Title: Hammerhead, an ultrahigh resolution ePix camera for wavelength-dispersive spectrometers

Wavelength-dispersive spectrometers (WDS) are often used in synchrotron and FEL applications where high energy resolution (in the order of eV) is important. Increasing WDS energy resolution requires increasing spatial resolution of the detectors in the dispersion direction. The common approaches are not ideal: using strip detectors loses the 2D position sensitivity (important for, e.g., background estimation) and the high counting rate; using pixel detectors with a small pitch results in complex charge sharing behaviour and typically have a small size. Developing pixel detectors with high aspect ratio and a small pitch in the wavelength dispersive direction would be ideal, however, it would require a substantial ASIC development. We present a new approach, with a novel sensor design using rectangular pixels with a high aspect ratio (between strips and pixels, further called “strixels”), and strixel redistribution to match the square pixel arrays of typical ASICs. This results in a sensor area of 17.4 mm × 77 mm, with a fine pitch of 25 µm in the horizontal direction resulting in 3072 columns and 176 rows. The sensors use ePix100 readout ASICs, leveraging their low noise (43 e^-, or 180 eV rms). We present results obtained with a Hammerhead ePix100 camera, showing that the small pitch (25 µm) in the dispersion direction maximizes performance for both high and low photon occupancies, resulting in optimal WDS energy resolution. The low noise level at high photon occupancy allows precise photon counting, while at low occupancy, both the energy and the subpixel position can be reconstructed for every photon, allowing an ultrahigh resolution (in the order of 1 µm) in the dispersion direction and rejection of scattered beam and harmonics.
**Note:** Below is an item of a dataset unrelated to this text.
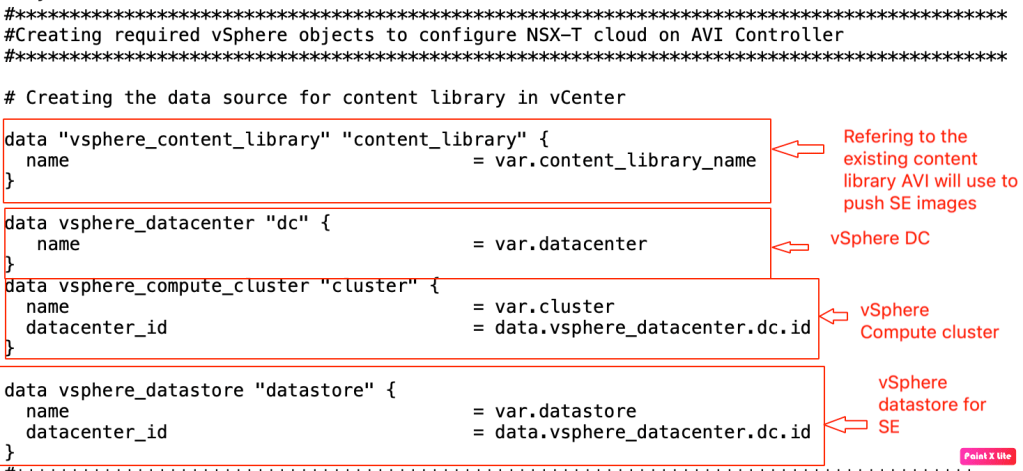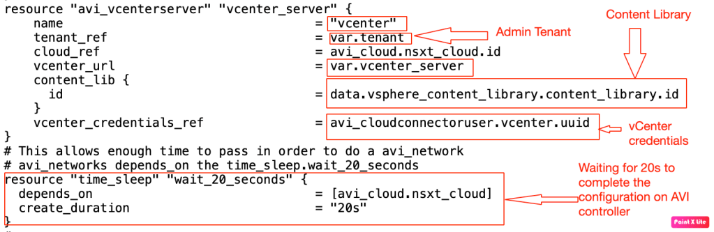 –> Variable.tf:- This file is updated to include variable components used by vSphere, and AVI controller.

Using strixel sensors with redistribution and flip-chip bonding to standard ePix readout ASICs results in ultrahigh position resolution (~1 µm) and low noise in WDS applications, leveraging the advantages of hybrid pixel detectors (high production yield, good availability, relatively inexpensive) while minimizing development complexity through sharing the ASIC, hardware, software and DAQ development with other versions of ePix cameras.